Heist (2001)

Heist (2001)
Heist (2001)

Movie Details

Heist (2001)
Director-: : David Mamet
Cast-Gene HackmanRebecca PidgeonDanny DeVito
Movie type- Crime/Thriller ‧
Release date- 09 November
IMDB Rating-6.5
Languages- English, Arabic, and Spanish
Duration-1 Hour 41 Minutes



Joe Moore (Gene Hackman) is a thief; not just any one, but the best in the industry. He does not work alone, for years he has been accompanied by a well-coordinated team of specialists: Bobby Blane (Delroy Lindo), Pinky (Ricky Jay) and his wife Fran (Rebecca Pidgeon). The entire business is managed by the enterprising and cynical Bergman (Danny De Vito), who searches for appropriate goals and finances the entire venture. Unfortunately, during Joe’s last action, the security system filmed him at the crime scene. This becomes the direct reason for his withdrawal from the industry. Bergman, however, has other plans for him. By blackmailing Moore with the threat of non-payment of his share of the loot, he tries to force him to organize a heist on the transport of Swiss gold. Joe, forced by the situation, decides to discourage Bergman.

Mamet’s films are famous for their complicated, lacy plot, which can be quite difficult to follow even for more experienced viewers. This is also the case here. The director does not spare us mental gymnastics and does not allow us to take our eyes off the screen, because this would risk losing the thread of the film’s sophisticated plot. In Mamet’s earlier paintings, this technique, used equally often, caused the viewer to get up from the cinema chair, exhausted, but satisfied with the intellectual fun that the creator had given him. In the case of the Jump, it only ends in exhaustion. There are plenty of plot twists, exciting moments and surprises, but at some point I got the impression that the multiplication of plot twists only serves to impress the viewer, not to tell an interesting story. Each of the elements, if prepared, could serve as a model for any creator referring to the proud traditions of film noir .

So we have a bloody hero brilliantly played by Gene Hackman, we have a real femme fatale (Rebecca Pidgeon), a theme of loyalty and friendship, and of course the reason for all the fuss, which is the transport of gold. However, the problem begins when it comes to combining these perfectly prepared components into one coherent whole. And the whole thing, to put it briefly, causes boredom: intellectual fun stops engaging the viewer from the moment he stops distinguishing who outsmarted whom, when and how. The rather serious tone of Skoku also does not match the comedic, bordering on pastiche character of the main villain – Bergman (brilliantly played by Danny De Vito). It creates a visible (perhaps intentional) boundary between the serious world of thieves – professionals and the grotesque, slightly unreal world of gangsters – contractors.
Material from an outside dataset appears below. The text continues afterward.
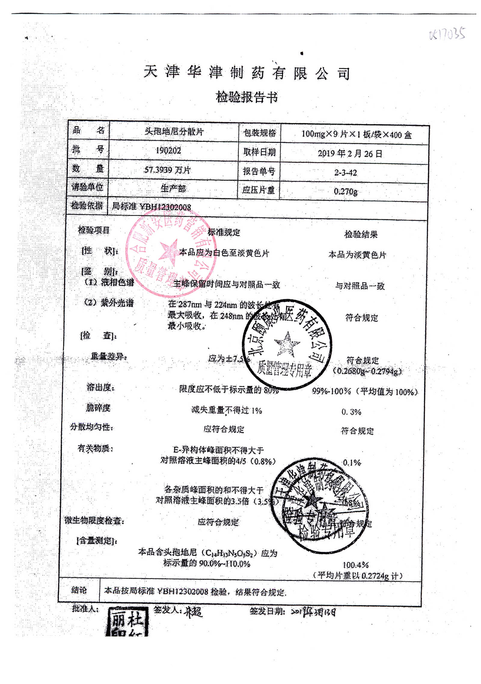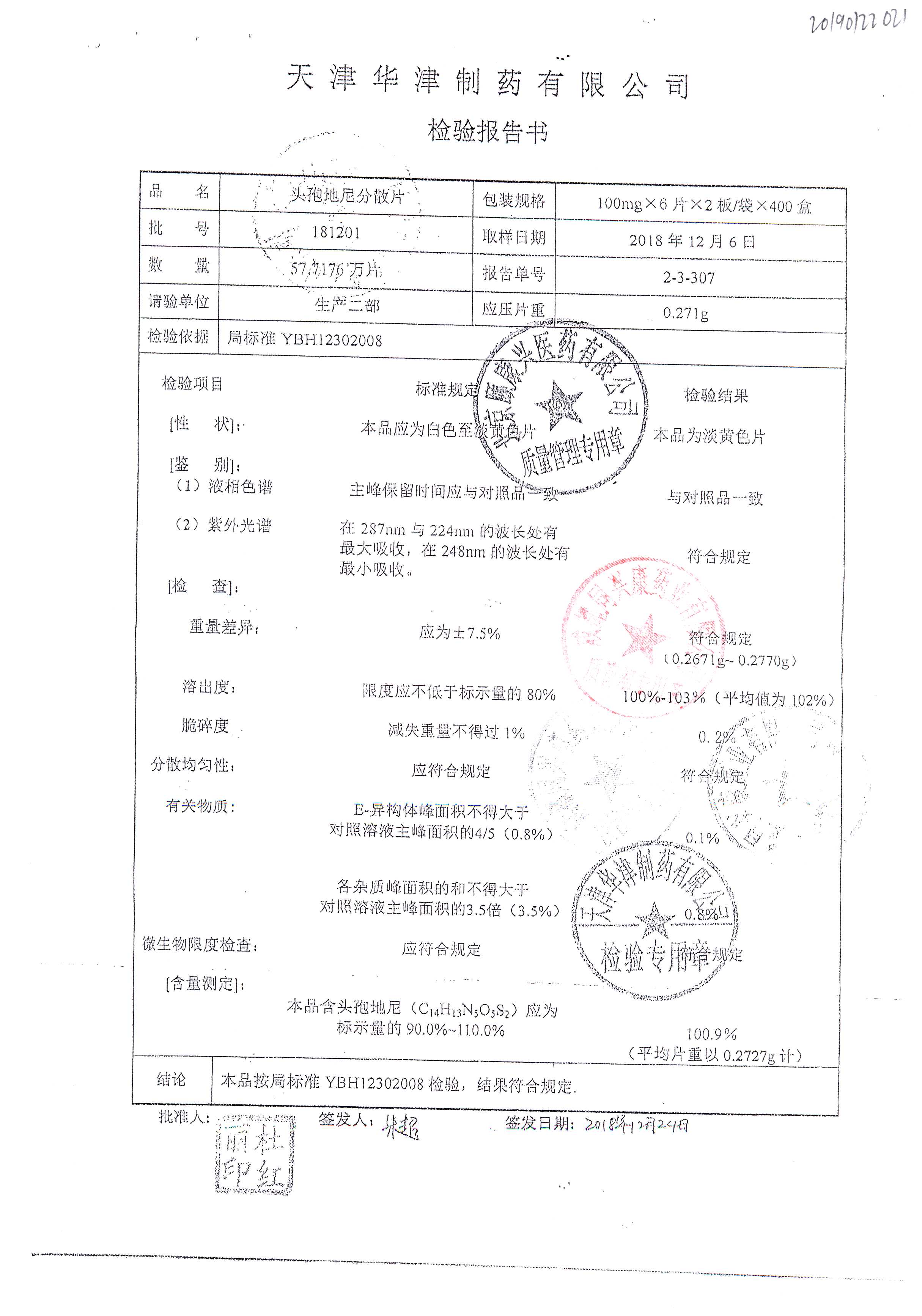 | 頭孢地尼分散片 | 100mg*12片 | 190401 | 查看詳情 |

When there is a conflict between them, you know that at some point there will be victims. However, when they appear, we get the impression that they are as unreal as the perpetrators of the crime, they are simply unreliable.

The final trial in the film The Jump also leaves us somewhat unsatisfied, and the appearances created by Mamet for the purpose of surprise make us wait for everyone to get up and laugh at the excellent joke that the unfortunate viewer fell for. All this does little to serve the film’s coherence. At the end, I left a particular mistake (also highlighted by other reviewers), which was not supposed to happen in Mamet’s usually perfect scenarios. This concerns the previously mentioned thread of the video recording, which unmasks Joe Moore and becomes the reason for his departure from the profession. Mamet breaks Chekhov’s old rule here, which says that if a gun is hanging on the wall in the first act, it must inevitably go off in one of the next ones. The thing is that the video recording is silent and there is no intention of firing anything. This thread, yes, becomes the driving force behind the main character’s actions, acting as a mechanism providing a pretext for the development of the action, but it lacks an eye-catching finishing touch that could serve to further dramatize the course of events.

David Mamet is an erudite director, an expert on the human psyche and an excellent playwright. Skok fits perfectly into his previous directorial achievements, but there is one thing; this time, despite – or perhaps because of – the sophisticated structure, the film’s form has outgrown its content, which is the direct reason why it unfortunately does not live up to its outstanding genre predecessors – The Game House. Although this does not in any way change David Mamet’s position as one of the outstanding creators and intellectuals, it still remains intact, but it disappoints those who expect another film gem by a debunker and expert on the dark corners of the human soul, and that includes me.